Hello,
I noticed a strange behavior involving the tee() system call. Here's a sample
program:
#define _GNU_SOURCE
#include <assert.h>
#include <fcntl.h>
#include <stdio.h>
#include <string.h>
#include <unistd.h>
int main()
{
int pipe_A[2];
int pipe_B[2];
char buffer[2] = { 0 };
pipe(pipe_A);
pipe(pipe_B);
write(pipe_A[1], "AA", 2);
tee(pipe_A[0], pipe_B[1], 1, 0);
write(pipe_B[1], "B", 1);
read(pipe_A[0], buffer, 2);
printf("%.*s\n", 2, buffer);
assert(!memcmp(buffer, "AA", 2));
return 0;
}
It creates two pipes A and B, then writes two bytes "AA" to pipe A, then tee()s
one byte from pipe A to pipe B, then writes one byte "B" to pipe B.

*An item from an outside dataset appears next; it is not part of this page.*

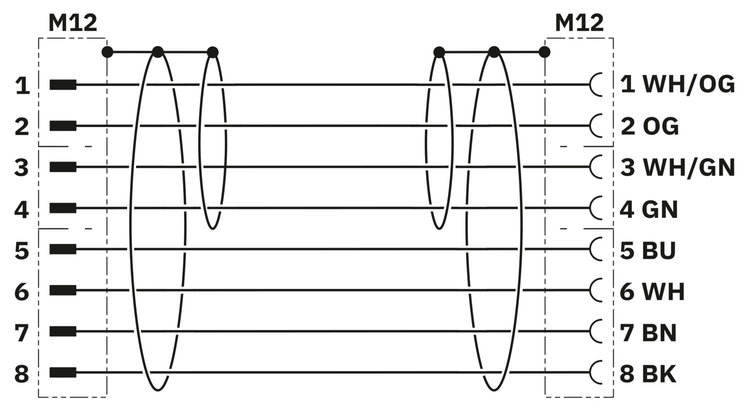 M12 Штекеры, угловой, 8-контактный, экранирован. (Advanced Shielding Technology), Кодирование: Y,

At that point, I expected pipe A to still contain the bytes "AA", because tee()
does not consume the source data, nor was any data written to pipe A; nor should
it be possible to modify data already in a pipe (unless it was put there by
splice() or vmsplice()).
However, the actual behavior is that pipe A contains the bytes "AB". This
happens because the second byte was overwritten by the write to pipe B, as the
data in both pipes are backed by the same page, and the pipe is using
anon_pipe_buf_ops which has .can_merge = 1, so the backing page can be written
to by pipe_write().
Is this a bug? It certainly seems like it; you should *not* be able to modify
data in a pipe, given only the read end.
- Eric